Experimental and Theoretical Insight into the Facet-Dependent Mechanisms of NO Oxidation Catalyzed by Structurally Diverse Mn₂O₃ Nanocrystals

Crystalline structure of metal oxides is based on a close-packed array of oxygen anions with metal cations occupying interstitial sites, where the exposed facet determines the surface arrangement and coordination of oxygen and metal ions. Owing to the different physicochemical properties of various ions, the exposed crystal facets have a critical influence on properties of metal oxides, including catalytic behavior. Understanding the facet-dependent mechanisms of catalytic reactions is important for improving the performance of metal oxide catalysts; however, this understanding is currently lacking because research performed to date has been limited by the unilateral experimental or theoretical evidence. Herein, we aim to elucidate the effect of different exposed crystal facets in Mn₂O₃ by constructing rod- and particle-like Mn₂O₃ nanocrystals and investigating the effects on the catalytic performance of these structures for NO oxidation. Distinct catalytic behaviors of these different nanocrystals are investigated by a combination of systematic structural and property characterizations and density functional theory (DFT) calculations.
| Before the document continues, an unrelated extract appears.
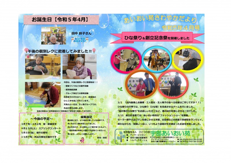 さわやかだより 令和5年4月号【宇部あいおい苑】
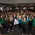 Astronauts and astronaut candidates from NASA and the Canadian Space Agency pose for a photograph in front of NASA’s Artemis I Space Launch System and Orion spacecraft atop the mobile launcher on the pad at Launch Complex 39B on Aug. 28, 2022.

Our results suggest that NO oxidation on the surface of rod-like Mn₂O₃ with exposed (220) and (400) facets follows the Langmuir–Hinshelwood mechanism, whereas the Mars–van-Krevelen mechanism is favored for Mn₂O₃ nanoparticles with exposed (222) facets. These different mechanisms lead to diverse catalytic performances of Mn₂O₃, especially the poisoning resistance. Specifically, rod-like Mn₂O₃ is shown to be deactivated by H₂O because hydroxylated oxygen inhibits the adsorption of NO and adsorbed OH* hinders the chemisorption of O₂ on the (220) and (400) facets, while H₂O only slightly influences the activity of Mn₂O₃ nanoparticles with (222) facets. This work shows that regulating which crystal facets of Mn₂O₃ are exposed allows tuning the catalytic performance of this material and the reaction pathways for NO oxidation. Furthermore, this work provides clear insight that may increase the understanding of facet-dependent reaction mechanisms of other metal oxide catalysts and establishes valuable design principles for future studies to improve heterogeneous catalysts.